--- Work instruction ---
Begin with the opening line of the records and extract each line through the one holding "建面约116㎡3房2厅2卫▼"; pictures are not part of the copy.

Segment Start: Material supplied

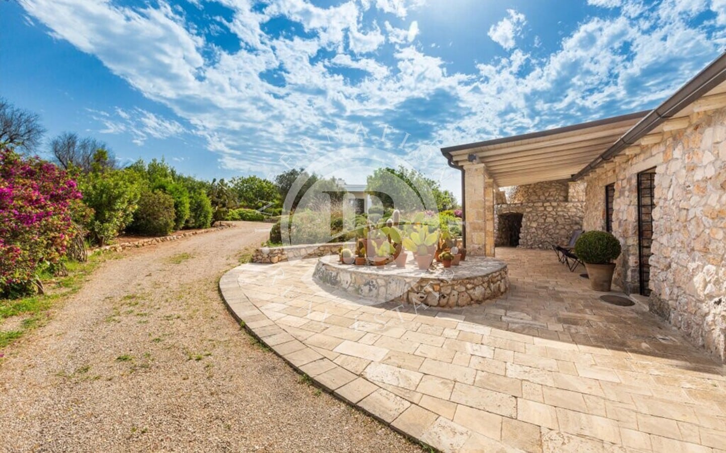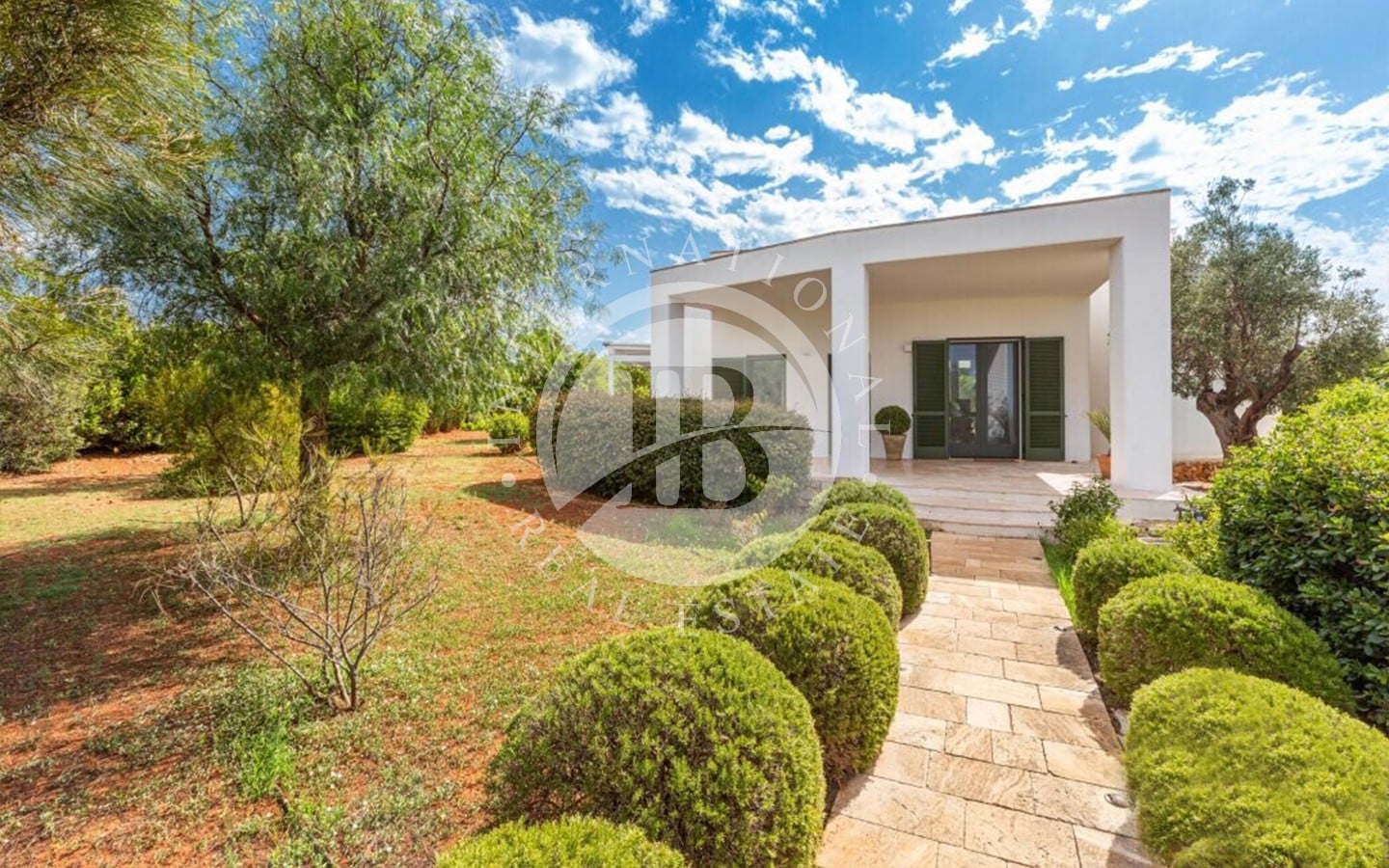pedonale ben sistemato, permette l'accesso alla Lussuosa Villa che, frontalmente, ospita una Confortevole Terrazza.
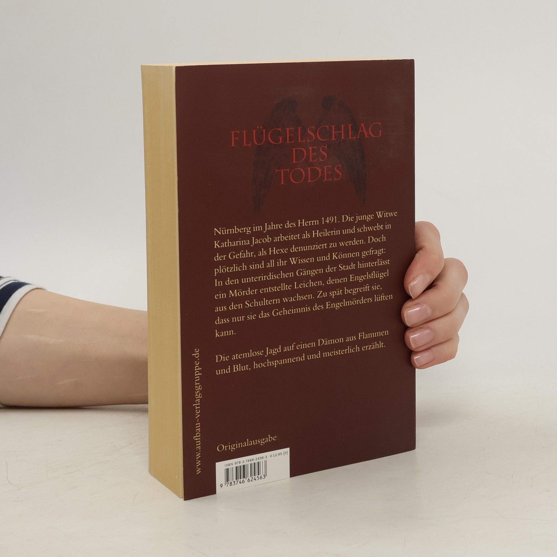 Flügelschlag des Todes Nürnberg im Jahre des Herrn 1491. Die junge Witwe Katharina Jacob arbeitet als Heilerin und schwebt in der Gefahr, als Hexe denunziert zu werden. Doch plötzlich sind all ihr Wissen und Können gefragt: In den unterirdischen Gängen der Stadt hinterlässt ein Mörder entstellte Leichen, denen Engelsflügel aus den Schultern wachsen. Zu spät begreift sie, dass nur sie das Geheimnis des Engelmörders lüften kann. Die atemlose Jagd auf einen Dämon aus Flammen und Blut, hochspannend und meisterlich erzählt.
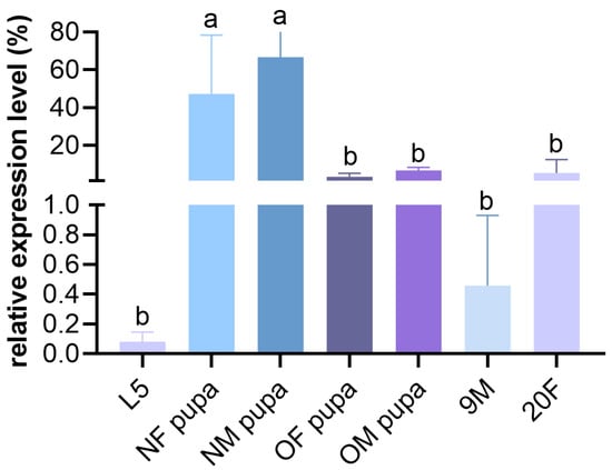 Expression patterns of CHS1 at different developmental stages in Monochamus alternatus. L5: fifth-instar larvae; NF: new female pupae; NM: new male pupae; OF: mature female pupae; OM: mature male pupae; 9M: sexually mature male insect; and 20F: sexually mature female. Standardized as β-actin (one-way ANOVA with Tukey’s post hoc test); a and b marked with different letters indicate statistically significant differences.
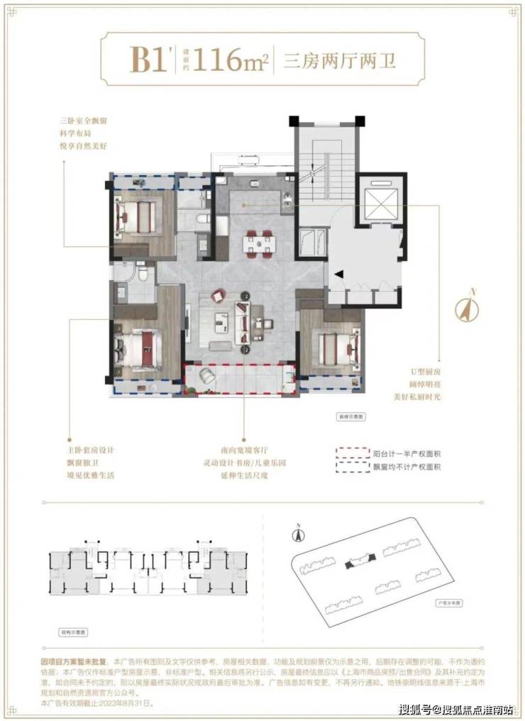 建面约116㎡3房2厅2卫▼
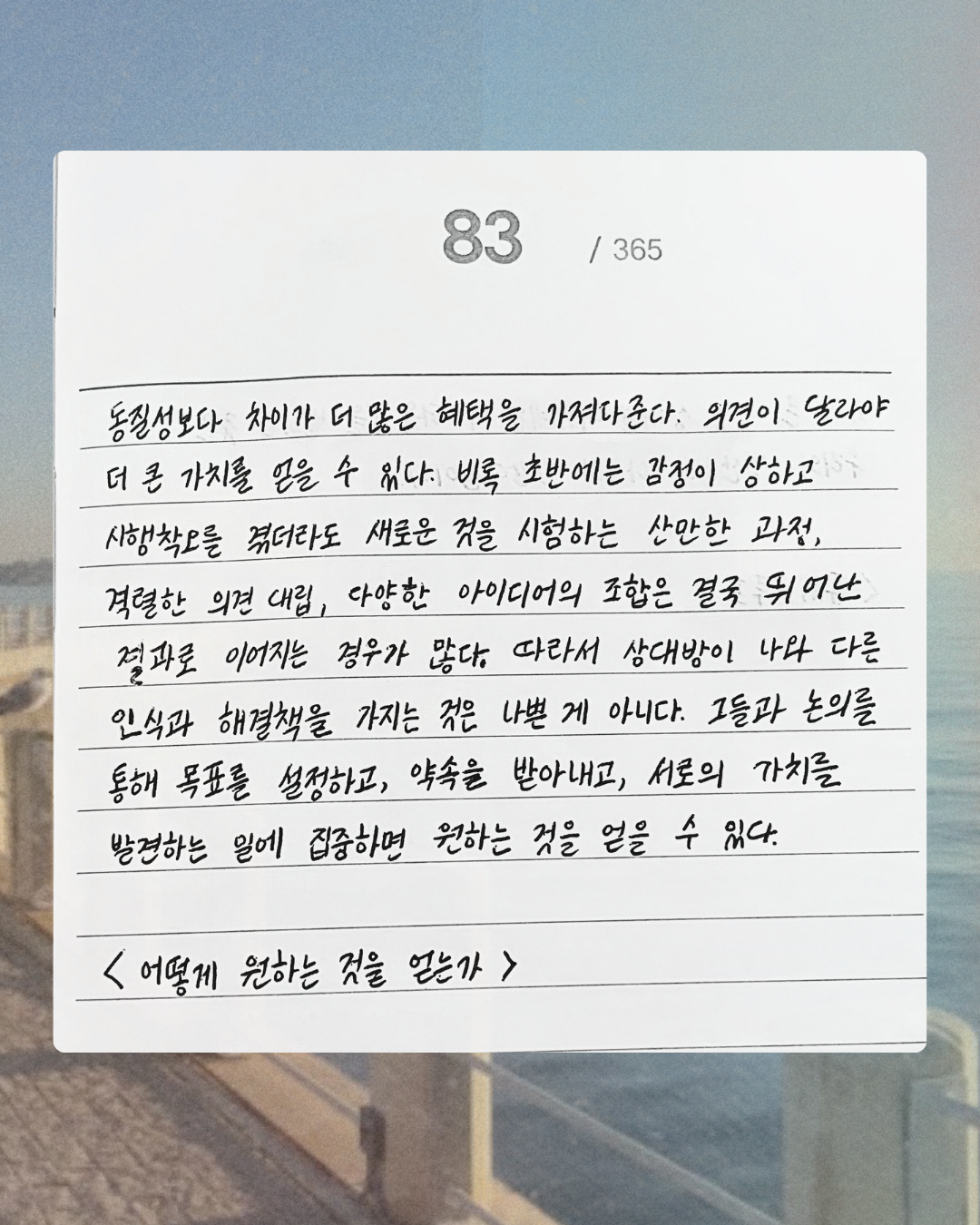 따라서 상대방이 나와 다른 인식과 해결책을 가지는 것은 나쁜 게 아니다. 그들과 논의를 통해 목표를 설정하고, 약속을 받아내고, 서로의 가치를 발견하는 일에 집중하면 원하는 것을 얻을 수 있다.
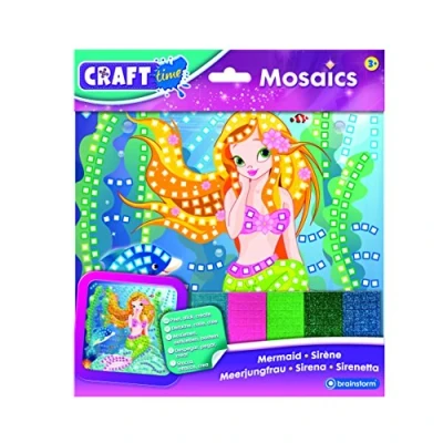 Make sparkly pictures with this beautiful Mermaid mosaic kit. Children will love to spend time on these easy yet absorbing projects. Peel, stick, create. Each kit includes 400+ sparkly self-adhesive foam tiles of different colours and a 25cm x 25cm picture to decorate. As children decorate they will build fine motor skills and hand-eye coordination. Packaging and instructions are multi-lingual including English, French, German, Spanish and Italian., Manufacturer: Craft Time

Segment End: Material supplied

--- Result of the exercise ---
pedonale ben sistemato, permette l'accesso alla Lussuosa Villa che, frontalmente, ospita una Confortevole Terrazza.
 Flügelschlag des Todes Nürnberg im Jahre des Herrn 1491. Die junge Witwe Katharina Jacob arbeitet als Heilerin und schwebt in der Gefahr, als Hexe denunziert zu werden. Doch plötzlich sind all ihr Wissen und Können gefragt: In den unterirdischen Gängen der Stadt hinterlässt ein Mörder entstellte Leichen, denen Engelsflügel aus den Schultern wachsen. Zu spät begreift sie, dass nur sie das Geheimnis des Engelmörders lüften kann. Die atemlose Jagd auf einen Dämon aus Flammen und Blut, hochspannend und meisterlich erzählt.
 Expression patterns of CHS1 at different developmental stages in Monochamus alternatus. L5: fifth-instar larvae; NF: new female pupae; NM: new male pupae; OF: mature female pupae; OM: mature male pupae; 9M: sexually mature male insect; and 20F: sexually mature female. Standardized as β-actin (one-way ANOVA with Tukey’s post hoc test); a and b marked with different letters indicate statistically significant differences.
 建面约116㎡3房2厅2卫▼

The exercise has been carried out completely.